Structured screening programmes have been shown to improve early detection and lead to more favourable tumour characteristics in high-risk individuals, shifting attention toward optimizing methods and efficiency. Digital techniques such as mole mapping and total body photography have already demonstrated value by increasing surveillance sensitivity while limiting unnecessary excisions. The next focus is on risk prediction models, which aim to enhance efficiency further by lowering the number needed to screen through risk-adapted strategies. These represent a promising tool for improving the efficiency of melanoma detection at the population level. The underlying principle is to target individuals at greatest risk with skin examinations, while minimizing low-yield screening among those at lower risk. To date, more than 40 predictive models for individual melanoma risk have been developed. A recent Australian risk prediction model (MP16) indicated that targeting the top 40% of the population by predicted risk would capture 74% of invasive melanoma cases (NNS = 32). Expanding to the top 50% increased case capture to 82%, with an NNS of 36. Decision curve analysis demonstrated a net benefit compared with universal or no screening [29]. The model was developed within the QSkin cohort and is based on 16 predictors. These include age (with a quadratic term), sex, and an age-by-sex interaction term, as well as ancestry (European vs. other), nevus density, freckling density, hair colour, tanning ability, number of adult sunburns, family history of melanoma, prior cancer, previous skin cancer excisions, history of treated actinic keratoses, smoking status, and height. Compared with other risk stratification models, the MP16 model offers superior accuracy and reduced bias by integrating more risk factors and robust validation in a large, population-based cohort.

5. Conclusions

In conclusion, this retrospective cohort study demonstrates that dermatological screening within two years prior to melanoma diagnosis is associated with thinner tumours and a higher proportion of in situ diagnoses. While increasing screening frequency beyond regular intervals did not yield additional benefit in the overall cohort and screening was not shown to be effective in low-risk patients, high-risk patients showed a progressive reduction in Breslow thickness with more frequent follow-up visits. Furthermore, digital mole mapping proved superior to dermoscopy in detecting thinner invasive melanomas, even after excluding first-visit cases, and this advantage was particularly evident in high-risk patients, underlining its specific value in longitudinal monitoring of individuals at increased risk. These findings support a risk-adapted approach in which surveillance and advanced diagnostic modalities are concentrated on high-risk patients, while lower-risk individuals may be adequately managed with less resource-intensive strategies. Future prospective studies are needed to validate these observations and further optimize personalized melanoma screening algorithms.

Author Contributions

Conceptualization, K.W., A.P., C.O.C. and V.D.M.; Data curation, A.P., J.B. and H.N.; Formal analysis, A.P., J.B. and H.N.; Investigation, A.P.; Methodology, K.W., A.P., J.B., N.V.D. and V.D.M.; Project administration, V.D.M.; Software, H.N.; Supervision, C.O.C., M.S., J.M.W., H.N. and V.D.M.; Visualization, K.W.; Writing—original draft, K.W.; Writing—review and editing, A.P., J.B., N.V.D., E.V.E., C.O.C. and V.D.M. All authors have read and agreed to the published version of the manuscript.

Funding

This research received no external funding.

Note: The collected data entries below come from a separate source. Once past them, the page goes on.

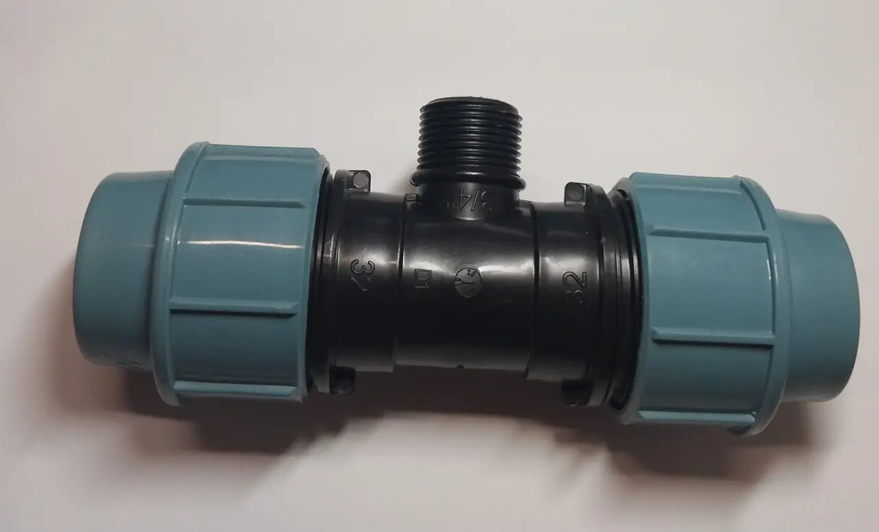 Компресійний трійник із поліетилену низького тиску (ПНД) призначений для розгалуження трубопроводу діаметром 32 мм з центральним різьбовим відводом 3/4" зовнішня різьба. Використовується у системах холодного водопостачання, зрошення та інших інженерних комунікаціях, забезпечуючи герметичність та довговічність з’єднання.
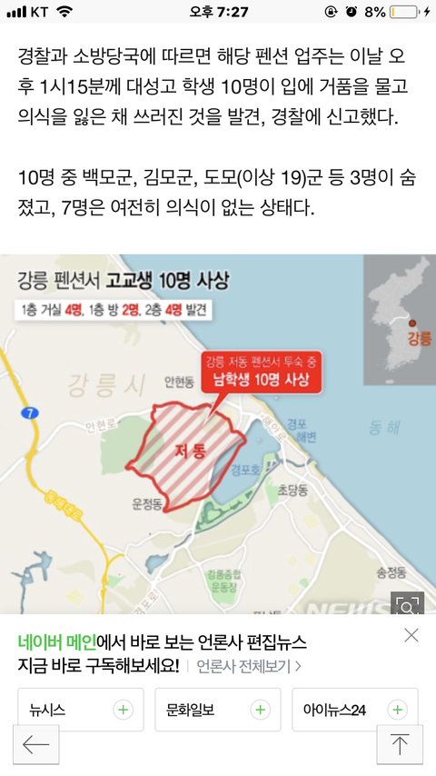 헐 어떡해 고3들 놀러갔다가 죽엇대
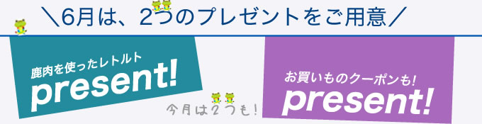 常温商品 5,400円以上のご利用の方全員に、比較的アレルギーの原因になりにくい消化の良いタンパク質である鹿肉のレトルトを、さらに、7,560円以上の方には、お買いものにうれしい500円クーポンもプレゼント。
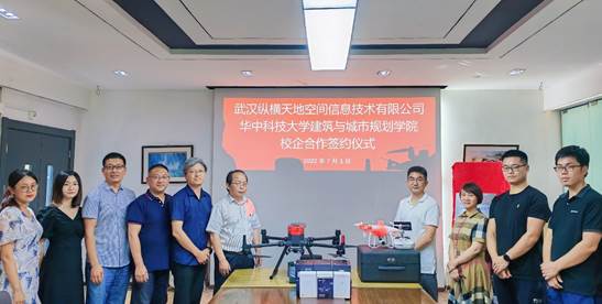 2022年7月1日下午,武汉纵横天地空间信息技术有限公司(大疆行业应用湖北省测绘行业金牌经销商,下文简称纵横天地公司)与taptap点点体育联合共建人居环境空间信息技术实验室的签约、揭牌仪式在公司二层会议室隆重举行。纵横天地公司董事长陈磊先生、纵横天地无人机飞行公司经理廖水华女士、战略副总王艳女士、市场总监卢锦先生、技术工程师龙华等一行来访。taptap点点体育黄亚平经理、谭刚毅副经理、实验室管毓刚主任以及岳思阳、李梦晨、陈国栋等老师出席签约仪式。
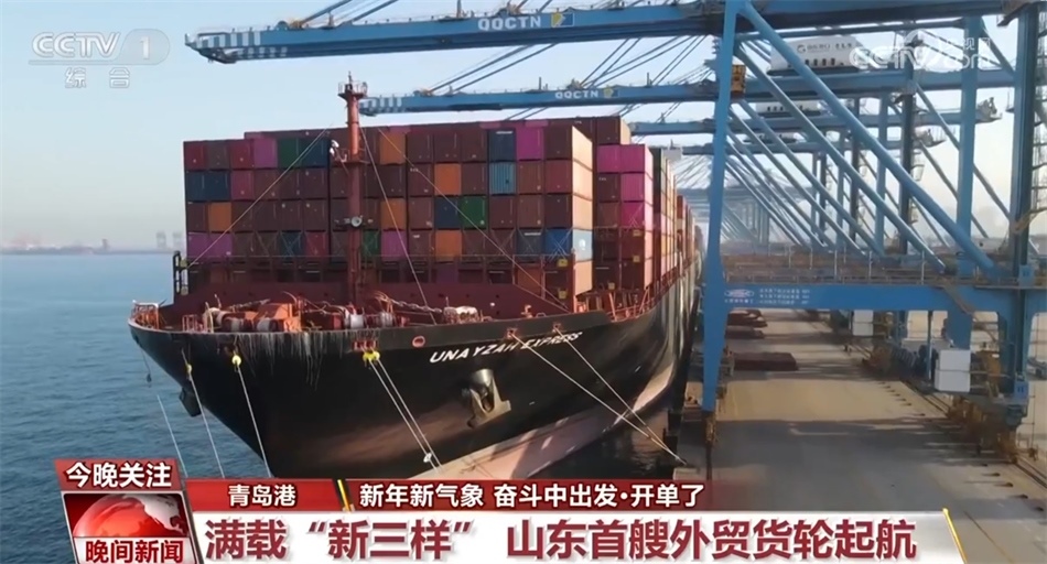 新年伊始,山東首艘外貿(mào)貨輪從青島港起航。3500多個標(biāo)箱里滿載包括電動載人汽車、鋰離子蓄電池、太陽能電池等外貿(mào)“新三樣”,總貨值約2億人民幣。
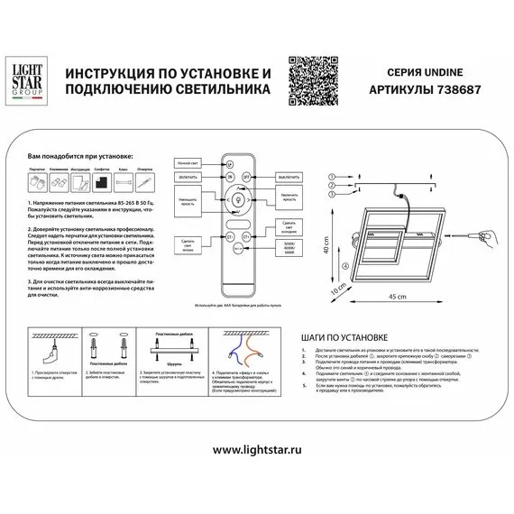 Lightstar 738687 Настенно-потолочный светильник UNDINE 90W LED 3872LM ЧЕРНЫЙ 3000-6000K
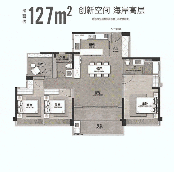 约127㎡阔绰四房,海岸高层,创新LDKG客餐厨阳台一体化设计,约60㎡的家庭社交场所,满足社交派对、家庭聚会,主次卧分离、星级套房设计、独立衣帽间,家人各有空间,约15米四开间朝南,房子尽享清风、阳光。
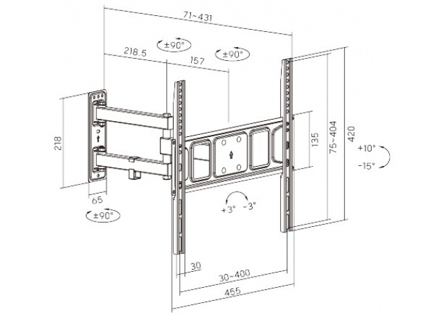Compatible con medidas de Vesa: 75x75, 100x100, 100x150, 150x100, 100x200, 200x100, 150x150, 200x200, 300x200, 400x200, 300x300, 400x300 y 400x400
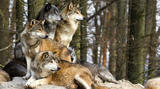 Обои Стая волков в лесу
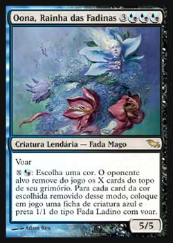 | Nome em Inglês: | Oona, Queen of the Fae | | Nome em Português: | Oona, Rainha das Fadinas | | Custo de Mana: |     | | Tipo: | Criatura Lendária - Fada Mago | | Texto: | Voar.
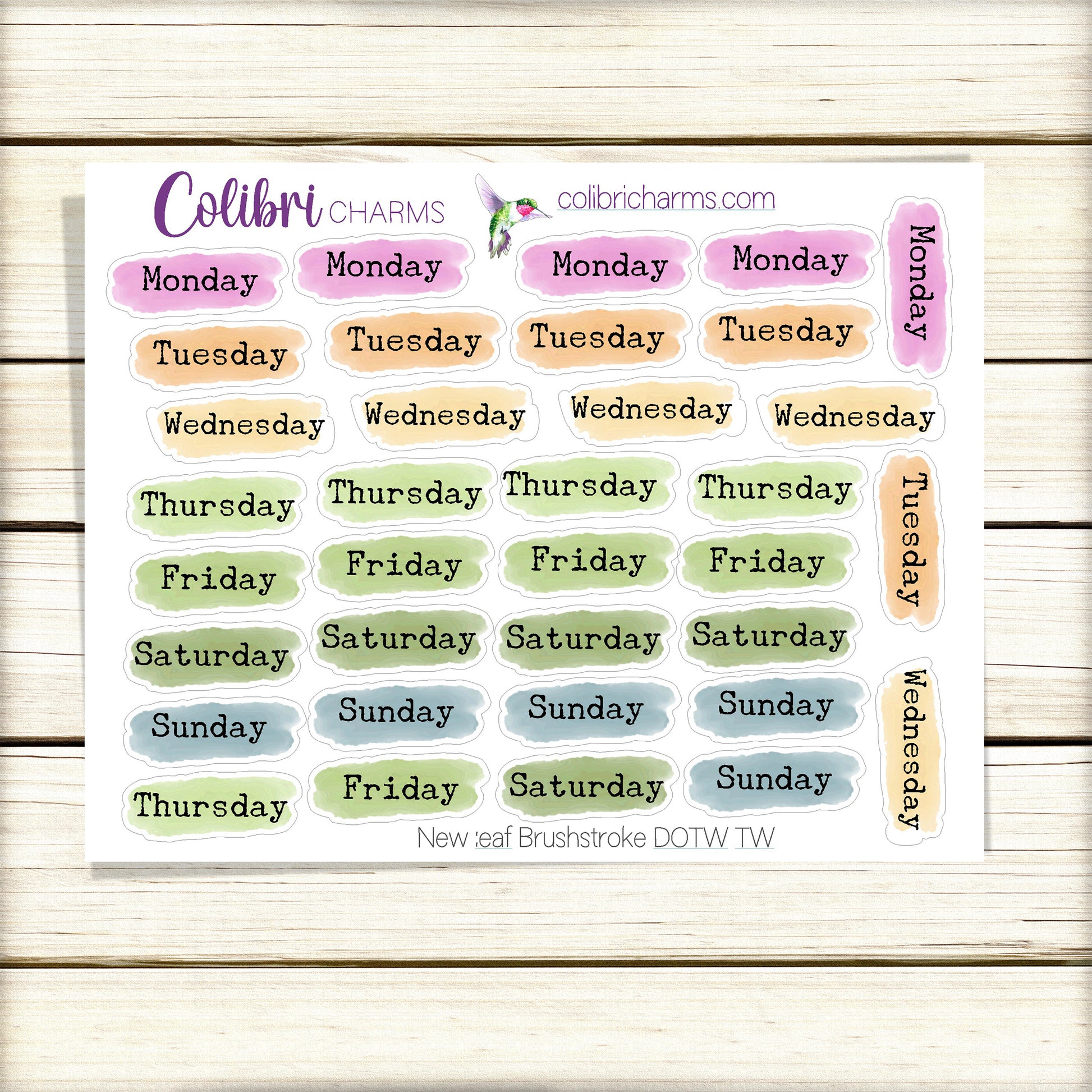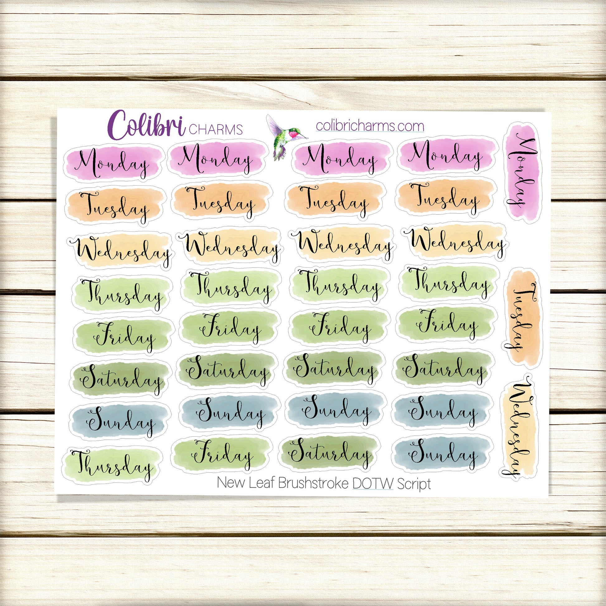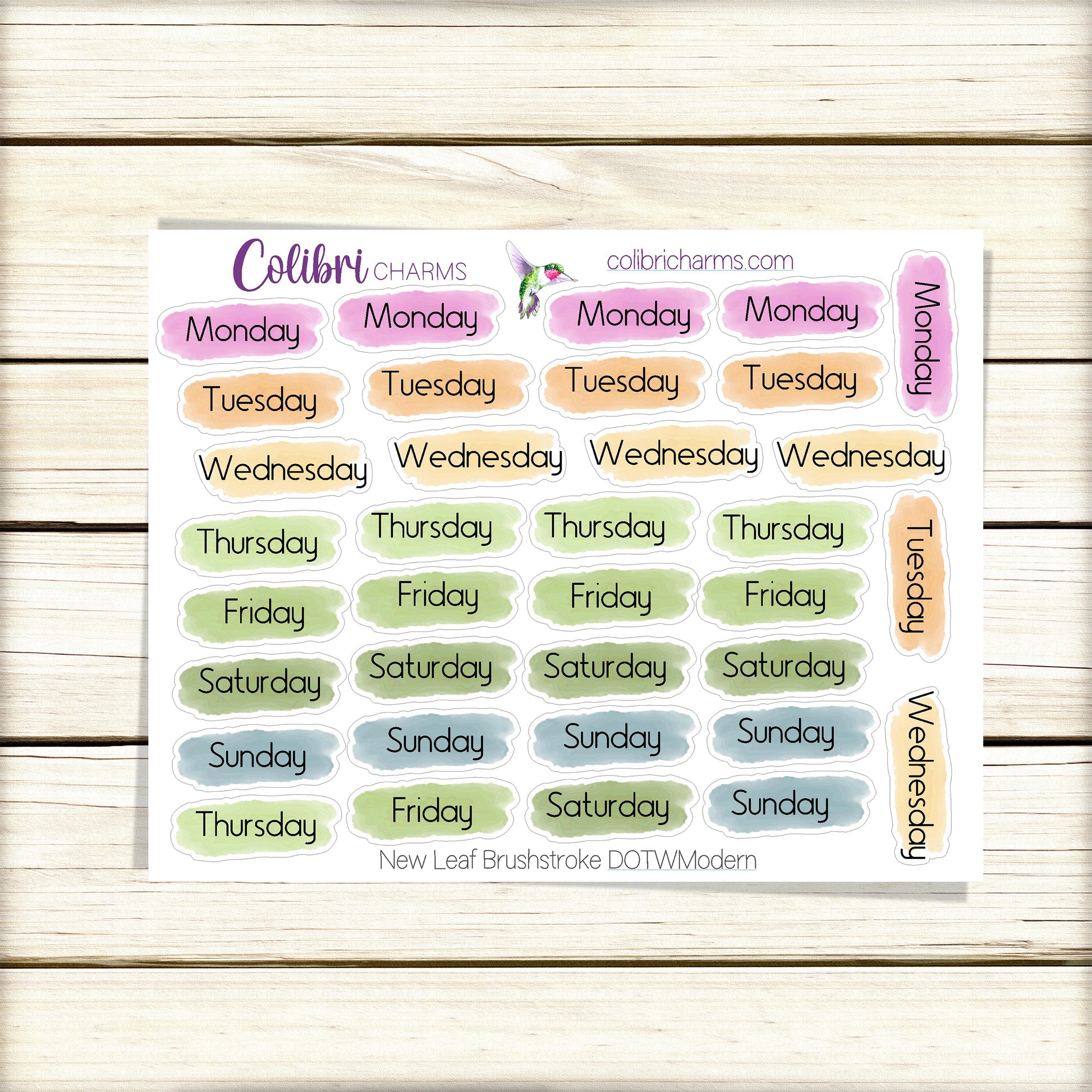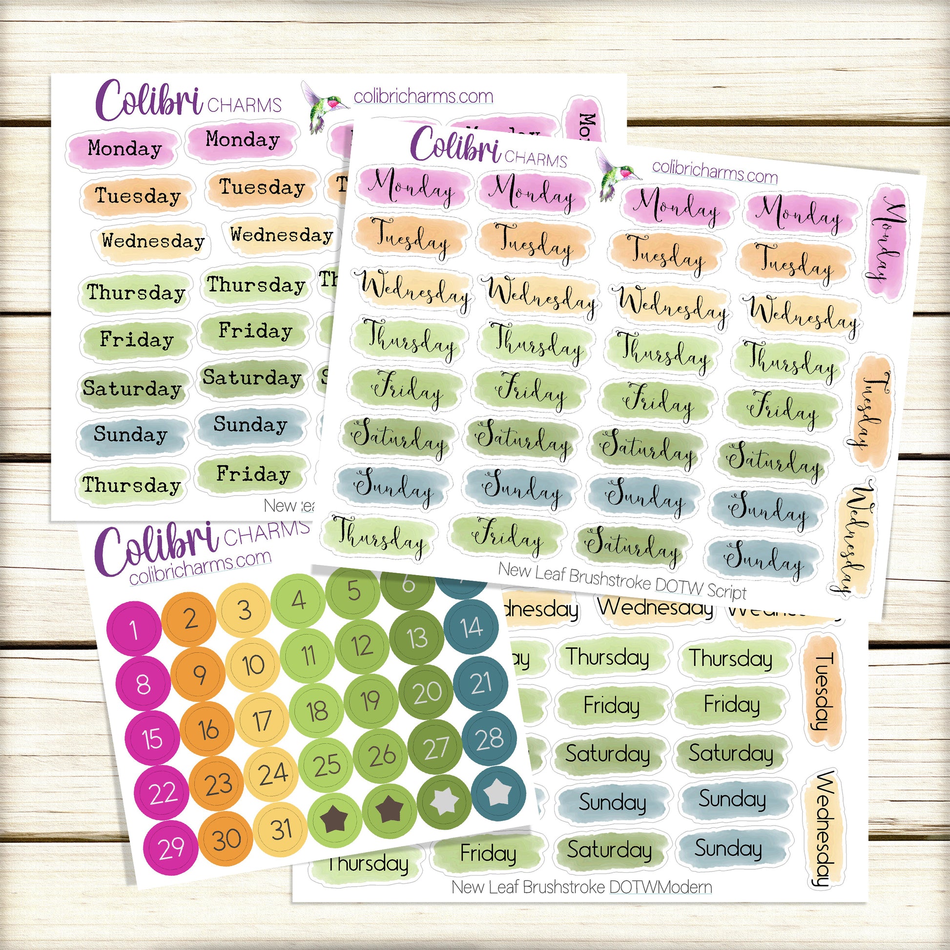 New Leaf Brushstroke Days of the Week Planner Stickers | Colorful Watercolor DOTW | Number Stickers | Date Dots

Institutional Review Board Statement

The study was conducted in accordance with the Declaration of Helsinki and approved by the Ethics Committee of Erasme Hospital (reference: P2024/512—9 January 2025).

Informed Consent Statement

Patient informed consent was waived due to the retrospective nature of the study and the use of existing medical records, in accordance with Ethics Committee requirements.

Data Availability Statement

The data supporting the findings of this study are not publicly available due to ethical and privacy restrictions related to patient medical records.

Conflicts of Interest

The authors declare no conflicts of interest.

References

  1. Keim, U.; Gandini, S.; Amaral, T.; Katalinic, A.; Holleczek, B.; Flatz, L.; Leiter, U.; Whiteman, D.; Garbe, C. Cutaneous melanoma attributable to UVR exposure in Denmark and Germany. Eur. J. Cancer 2021, 159, 98–104. [Google Scholar] [CrossRef]
  2. Garbe, C.; Amaral, T.; Peris, K.; Hauschild, A.; Arenberger, P.; Bastholt, L.; Bataille, V.; Del Marmol, V.; Dréno, B.; Fargnoli, M.C.; et al. European consensus-based interdisciplinary guideline for melanoma. Part 1: Diagnostics—Update 2019. Eur. J. Cancer 2020, 126, 141–158. [Google Scholar] [CrossRef]
  3. Garbe, C.; Amaral, T.; Peris, K.; Hauschild, A.; Arenberger, P.; Basset-Seguin, N.; Bastholt, L.; Bataille, V.; Brochez, L.; Del Marmol, V.; et al. European consensus-based interdisciplinary guideline for melanoma. Part 1: Diagnostics—Update 2024. Eur. J. Cancer 2025, 215, 115152. [Google Scholar] [CrossRef]
  4. Saginala, K.; Barsouk, A.; Aluru, J.S.; Rawla, P.; Barsouk, A. Epidemiology of Melanoma. Med. Sci. 2021, 9, 63. [Google Scholar] [CrossRef]
  5. De Pinto, G.; Mignozzi, S.; La Vecchia, C.; Levi, F.; Negri, E.; Santucci, C. Global trends in cutaneous malignant melanoma incidence and mortality. Melanoma Res. 2024, 34, 265–275. [Google Scholar] [CrossRef]
  6. Kushnir-Grinbaum, D.; Krausz, J.; Rahal, N.; Apel-Sarid, L.; Ziv, M. Risk of Melanoma in Patients with Basal Cell Carcinoma: A Population-based Cohort Study. Acta Derm. Venereol. 2023, 103, adv00841. [Google Scholar] [CrossRef] [PubMed]
  7. Gandini, S.; Sera, F.; Cattaruzza, M.S.; Pasquini, P.; Abeni, D.; Boyle, P.; Melchi, C.F. Meta-analysis of risk factors for cutaneous melanoma: I. Common and atypical naevi. Eur. J. Cancer 2005, 41, 28–44. [Google Scholar] [CrossRef] [PubMed]
  8. Gandini, S.; Sera, F.; Cattaruzza, M.S.; Pasquini, P.; Zanetti, R.; Masini, C.; Boyle, P.; Melchi, C.F. Meta-analysis of risk factors for cutaneous melanoma: III. Family history, actinic damage and phenotypic factors. Eur. J. Cancer 2005, 41, 2040–2059. [Google Scholar] [CrossRef]
  9. Rivera, A.; Nan, H.; Li, T.; Qureshi, A.; Cho, E. Alcohol Intake and Risk of Incident Melanoma: A Pooled Analysis of Three Prospective Studies in the United States. Cancer Epidemiol. Biomark. Prev. 2016, 25, 1550–1558. [Google Scholar] [CrossRef]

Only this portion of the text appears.